With the wide variety of tomatoes varieties, gardeners often focus on whether to grow standard, beefsteak, oxheart, cherry, Roma, grape, plum, or one of the many types of heirloom species. But before getting to this point, there is a more basic decision to make: whether to grow determinate or indeterminate tomatoes.
The Determinate/Indeterminate Distinction
The basic differences are this: determinate tomatoes have a genetically programmed growing limit, growing to a defined height and then setting their flowers and forming fruit all at once. The limited growth pattern makes them ideal for container plantings or in garden areas with limited space.

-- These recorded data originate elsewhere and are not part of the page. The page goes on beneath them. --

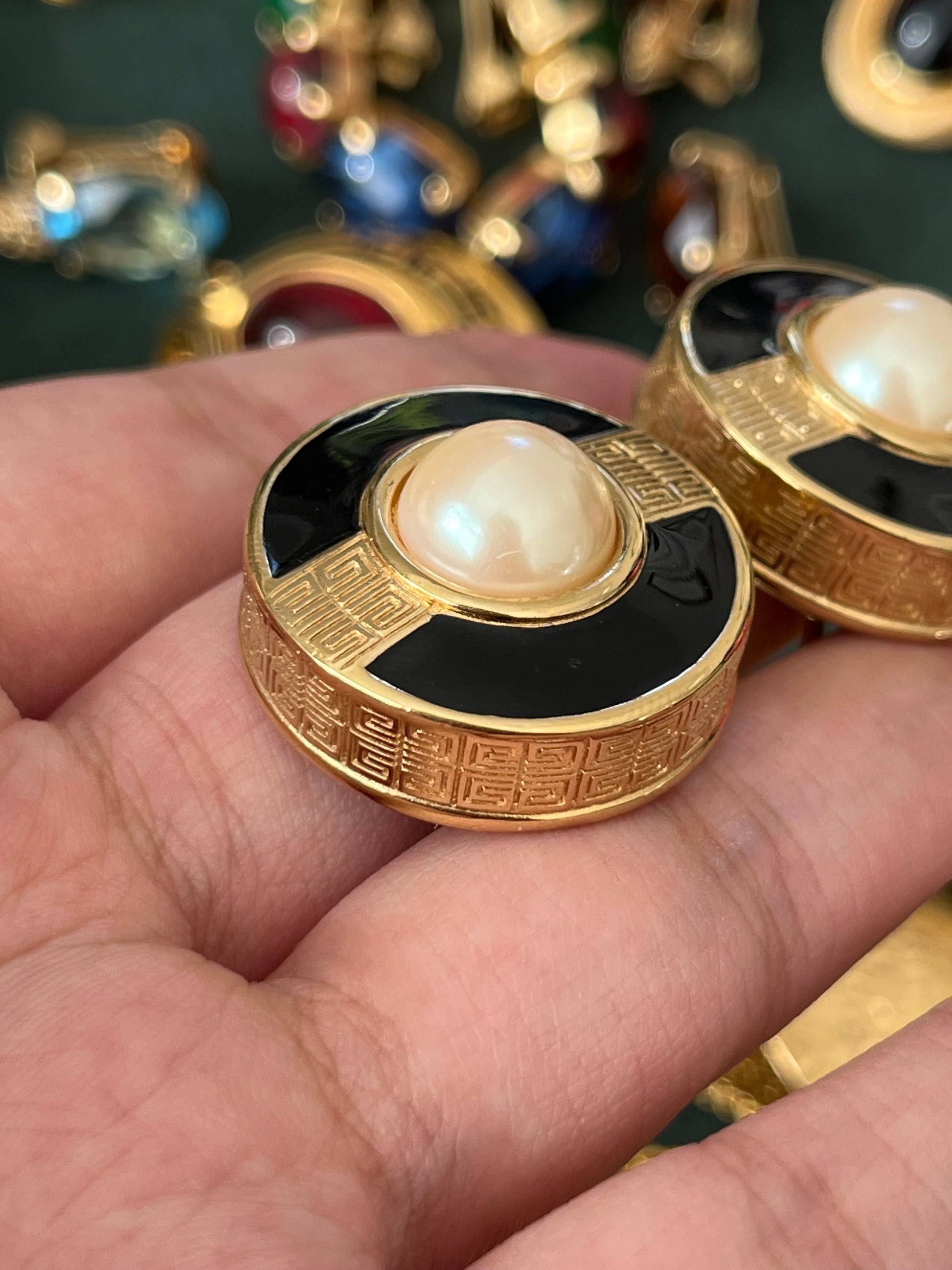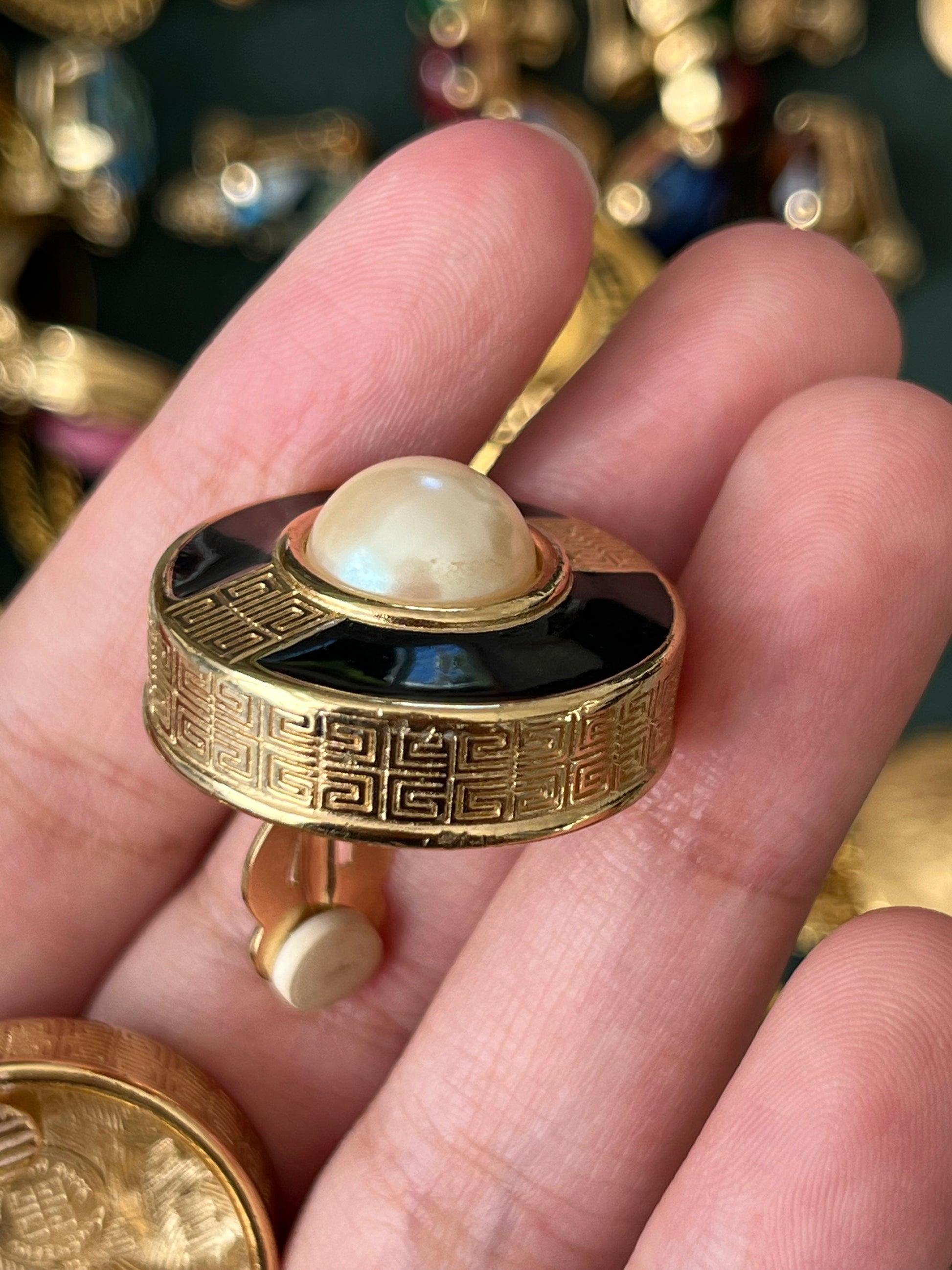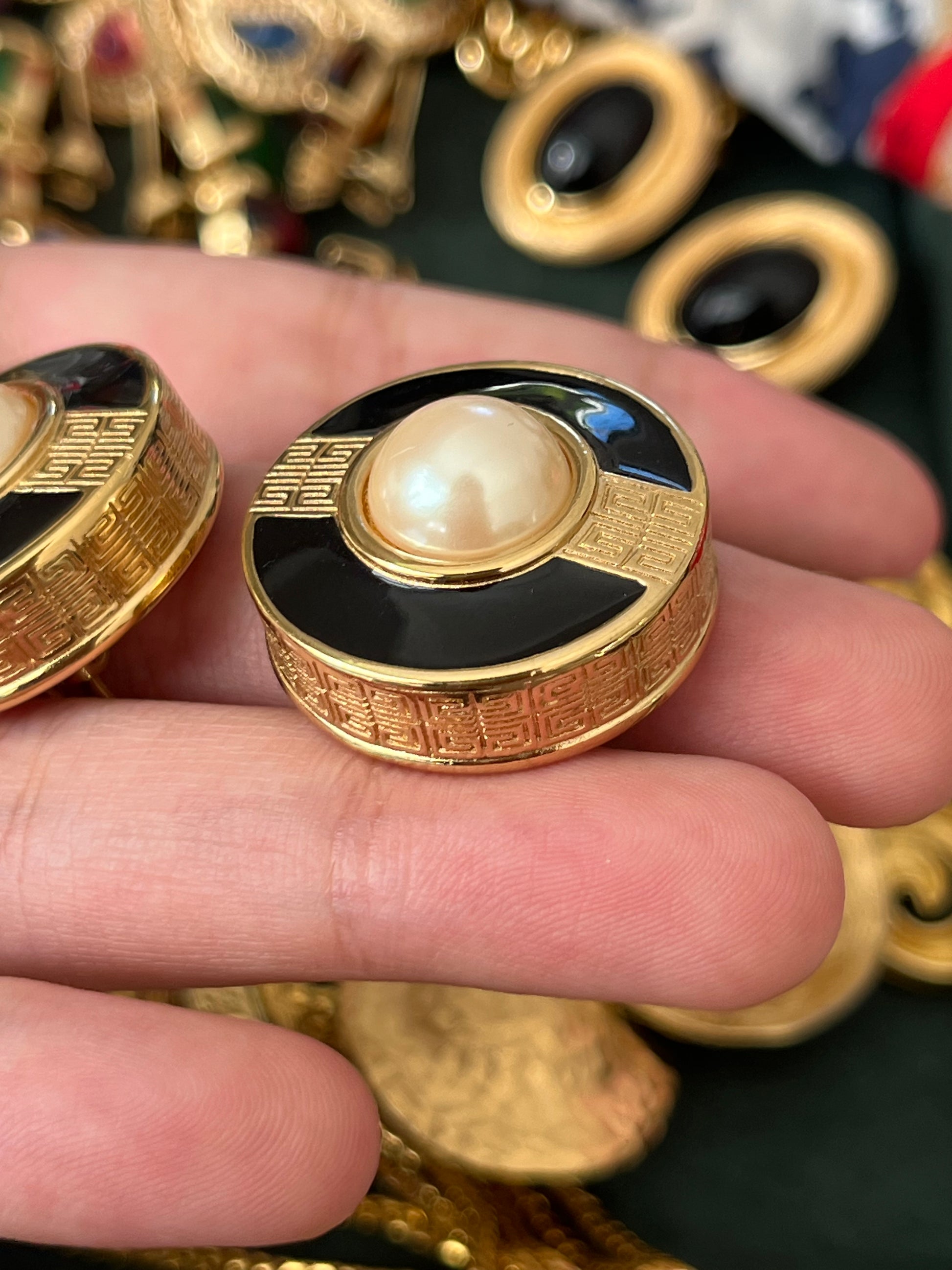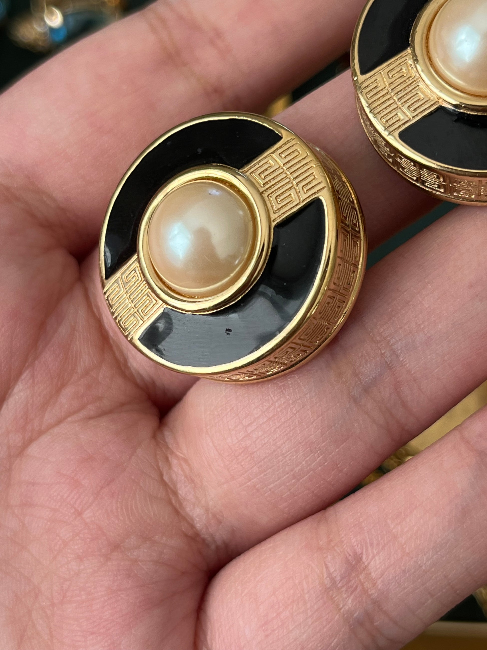 Vintage Givenchy Classic "G" Logo Pearl Black Enamel Round Gold-Plated Clip-On Earrings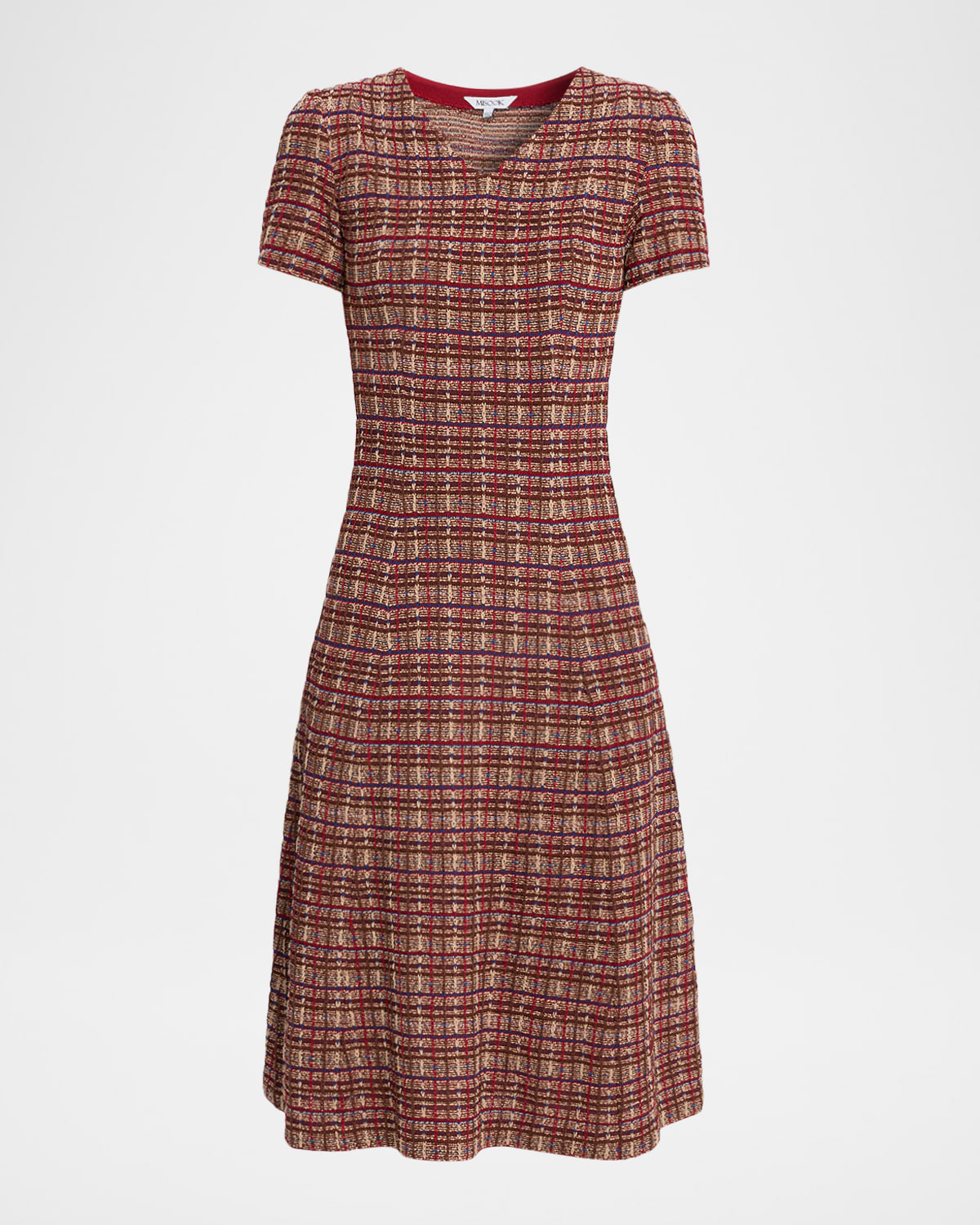 A contemporary rendition of classic plaid, this Misook dress features an intricate multistitch knit for depth and refined style. Approx. 45"L from shoulder to hem V neckline Short sleeves Hem falls below the knee Aline silhouette Slipon closure Acrylic/polyester/cotton Unlined Machine wash Imported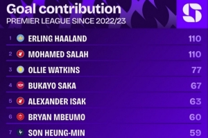 據(jù)Squawka的數(shù)據(jù)統(tǒng)計(jì),自哈蘭德加盟曼城以來(lái),他已經(jīng)在英超聯(lián)賽直接參與110粒進(jìn)球,同期沒(méi)有哪名球員比他更多,只有薩拉赫同樣參與110粒進(jìn)球與他持平。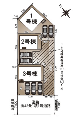 ■浄水器 ■人感センサー付玄関灯 ■建築確認番号:第R07SHC126099号 ※①・②号棟共有通路115㎡(持分1/2ずつ)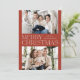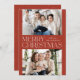Moderne Weihnachtskarte mit "Frohe Weihnachten", die im Zentrum des Designs in trendiger weißer Schrift mit Rosthintergrund ausgestellt ist. Personalisieren Sie die einfache Weihnachtskarte mit Ihrem Familiennamen und 2 horizontalen Fotos. Die Karte kehrt um, um einen Rosthintergrund mit subtilen weißen Punkten (Schnee) anzuzeigen.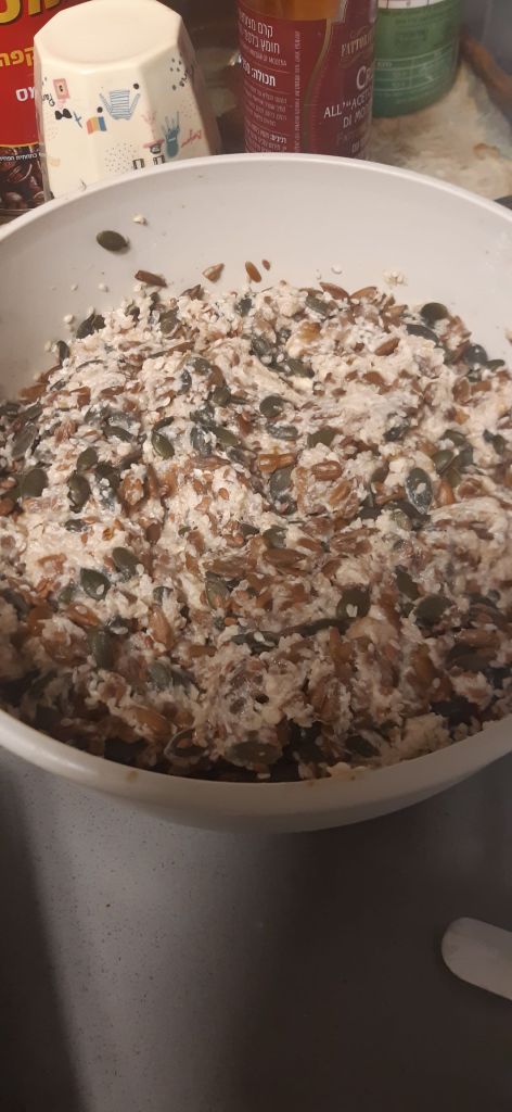 הערה: אני שמתי את הבלילה בצד לכשעה. השלב הזה חשוב גם כי אחר כך הגרעינים והאגוזים סופגים מים וזה מקל על העיכול.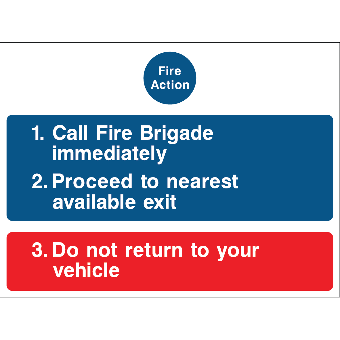 A professional fire safety sign displaying essential steps for emergency action, including calling the fire brigade, proceeding to the nearest exit, and not returning to your vehicle, designed to ensure safety during emergencies.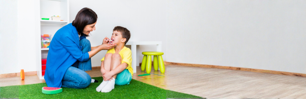 يُوجّه المعالج الطفل من خلال تمارين لتقوية المهارات الحركية الفموية، وتحسين المضغ والبلع، واستكشاف الأطعمة الحسية ضمن إطار منظم وداعم.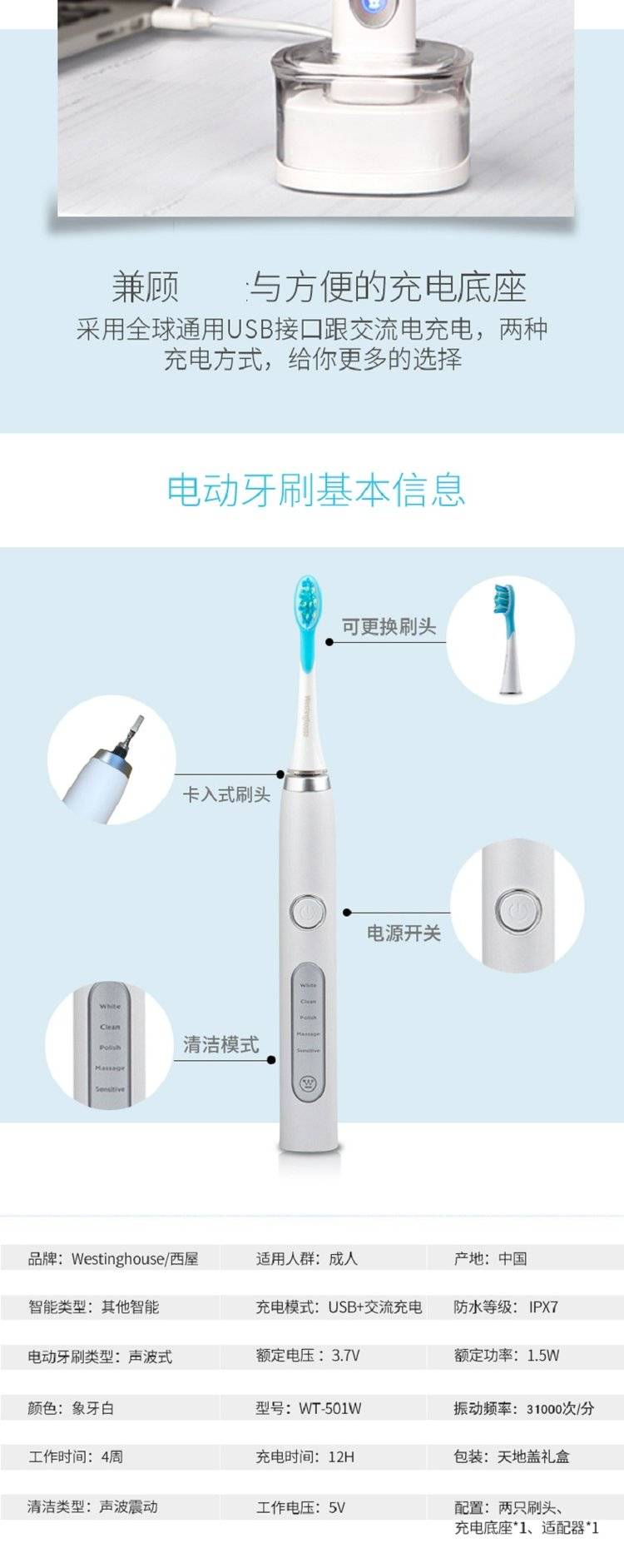 西屋 电动牙刷 WT-501W 懂礼员工礼品 MY-ZPYD-(T)-93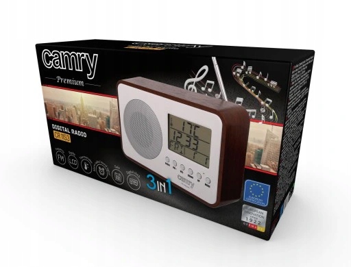 Nowoczesne radio cyfrowe CAMRY Premium CR 1153 posiada klasyczny wygląd, z modnym drewnianym szlifem projektantów. Znakomicie wkomponuje się w większość pomieszczeń domowych i biurowych. Sprawdzi się również w kuchni czy na działce, gdyż posiada specjalną powłokę zabezpieczającą, która chroni nie tylko przed kurzem lecz również przed tłuszczem i drobnym zachlapaniem wodą. Posiada zegar z dużym i czytelnym wyświetlaczem LCD. Dodatkowo radio CR 1153 posiada funkcje budzika, który może obudzić nas dźwiękami ulubionej audycji radiowej lub zwykłym alarmem. Radio jest również wyposażone w termometr i kalendarz. Są to niezwykle przydatne na co dzień funkcje. Zasilane jest sieciowo lub bateryjnie. Projektanci marki CAMRY zadbali o każdy szczegół. To wszystko sprawia, że radio cyfrowe CAMRY jest znakomite dla Ciebie i Twoich bliskich. Radio posiada funkcję automatycznego wyłączania która jest fabrycznie ustawiona na 10 minut. Ten czas można zmienić w każdym momencie aż do 1.5 godziny.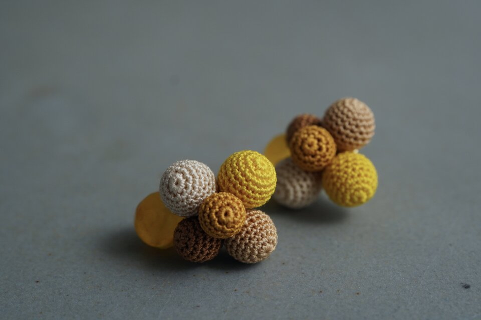鮮やかなイエロー、からし、クリーム、ベージュ、キャメルの粒

Indeterminate tomatoes, on the other hand, will continue and grow and produce fruit throughout the growing season. Given a long enough season, indeterminate tomatoes can grow to be rather bulky shrubs. They will also require more in the way of staking or caging over the course of the season. So robust is the growth pattern on some indeterminate varieties that ordinary wire cages are often inadequate. You may need to stake these champions with heavy metal rebar stakes or another sturdy support structure.
Here is a summary of the differences:
- Smaller plant with controlled growth
- Fruit ripens fairly early in the season
- Produces a lot of fruit at once; ideal for mass canning
- Plants usually die by midsummer, freeing space for other plants
- Requires little staking or caging
- Excellent for containers
- Can be integrated into flower beds
- Large plants with sprawling growth
- Fruit continues to ripen early to late in the season
- Fruit continues to produce up until frost
- Plants require strong support
- May work for large containers, but in-ground planting is better
- Well suited for large, dedicated vegetable beds
How Do You Choose?
So how do you decide what's best for your garden?
If you have a large garden and would like heavy crops of tomatoes at certain points in the season, you might want to plan for several determinate varieties. You would look for two basic pieces of information in the plant catalog or on the plant label when making this decision. Look for the word "determinate" or the abbreviation "DET" so you know what you're dealing with. Next, look for the number of days at which the plant will set fruit. To get several nice harvests, try to combine determinate varieties that bear early, mid, and late season. If you are into canning, saucing, or drying your tomatoes, this is probably the best way to go—a lot of tomatoes all at once.
If you want tomatoes for the course of the season for snacking and adding to salads and sandwiches, it is best to go with indeterminate varieties. Several types of indeterminate tomatoes are very prolific, and a plant or two will more than suffice to meet your needs. Many favorite heirloom tomatoes are indeterminate varieties. When shopping for your tomato plants, you will be looking for "indeterminate" on the label, or the abbreviation "IND" (or, less commonly, "INDET").
If you want to grow in containers, you'll probably want to stick with a few different determinate varieties. They are more well-behaved and better suited to container culture. You can certainly grow indeterminate tomatoes in containers, but be prepared to be vigilant about staking or caging, as well as pruning the suckers to maintain compact growth.
Both indeterminate and determinate tomatoes offer choices for all the various classes of tomatoes. You can find both determinate and indeterminate beefsteak or Roma or cherry tomatoes, for example.
Here are some suggestions for recent tomato varieties with good reviews from horticulturalists and garden authorities:
- Better Boy: Indeterminate hybrid beefsteak tomato. Produces fruit 10 to 16 oz. in size about 75 days from planting.
- Big Beef: Indeterminate hybrid beefsteak tomato. Produces fruit 10 to 12 oz. in size about 73 days from planting. Was a 1994 All-America Selections Winner.
- Big Boy: Indeterminate hybrid tomato. Produces fruit 10 to 16 oz in size about 78 days after planting.
- Celebrity: Determinate hybrid globe tomato. Produces fruit about 8 to 10 oz. in size about 70 days from planting.
- Early Girl: Indeterminate hybrid globe tomato. Produces fruit about 8 oz. in size about 50 to 52 days after planting.
- Juliet: Indeterminate hybrid elongated cherry tomato. Produces 1 oz. fruit about 60 days after planting. Was a 1999 All-America Selections Winner.
- Sun Suger: Indeterminate hybrid cherry tomato with orange fruit. Produces 1 oz. fruit about 62 days after planting.